Back to the Roots

Leading technology platform for agribusinesses AgNext Technologies strives to solve the problem of food quality to accelerate transactions and build sustainability. Company CEO & Founder Taranjeet Singh Bhamra shares the gaps in the market that prompted him to foray into the agricultural space and transform it like never before…

Taranjit Singh Bhamra, CEO & Founder, AgNext Technologies, was passionate about agriculture right from his childhood days. This passion manifested in the form of Agriculture Engineering from India’s top Engineering University - IIT Kharagpur that offered him exposure to numerous cases where data driven technologies were used in agriculture, for example, Crop Simulation. However, applications were incremental and needed revolutionary transformations for practical applications in agriculture.
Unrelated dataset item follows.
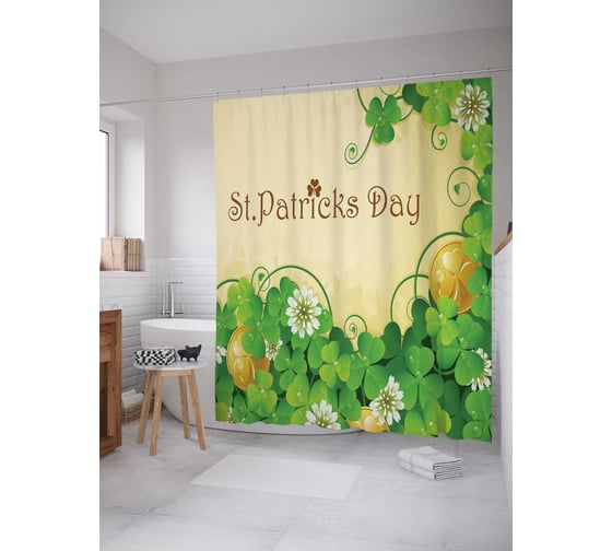 Штора (занавеска) для ванной JoyArty "День Святого Патрика" из сатена, 180х200 см с крючками, sc_7385

His dissertation on Crop Nutrient Modeling and early work on molecular analysis in food, way back in 2001-2002, convinced him that data, ingested through various revolutionary technologies, will emerge as the game changer for agriculture. It is the ingestion of data that morphed into a revolution called AgNext many years later, after his stints globally.

The eye-opener

For three years, post IIT Kharagpur, he had first-hand experience of the challenges at the grassroots level in agriculture, wherein he was associated with food manufacturing operations and commodity procurements and followed it up with an MBA from IIM Calcutta.


While he was working as a project manager for a food manufacturing company in early 2004, he visited the local mandi in Shahjahanpur, Uttar Pradesh. What he saw there changed him immeasurably.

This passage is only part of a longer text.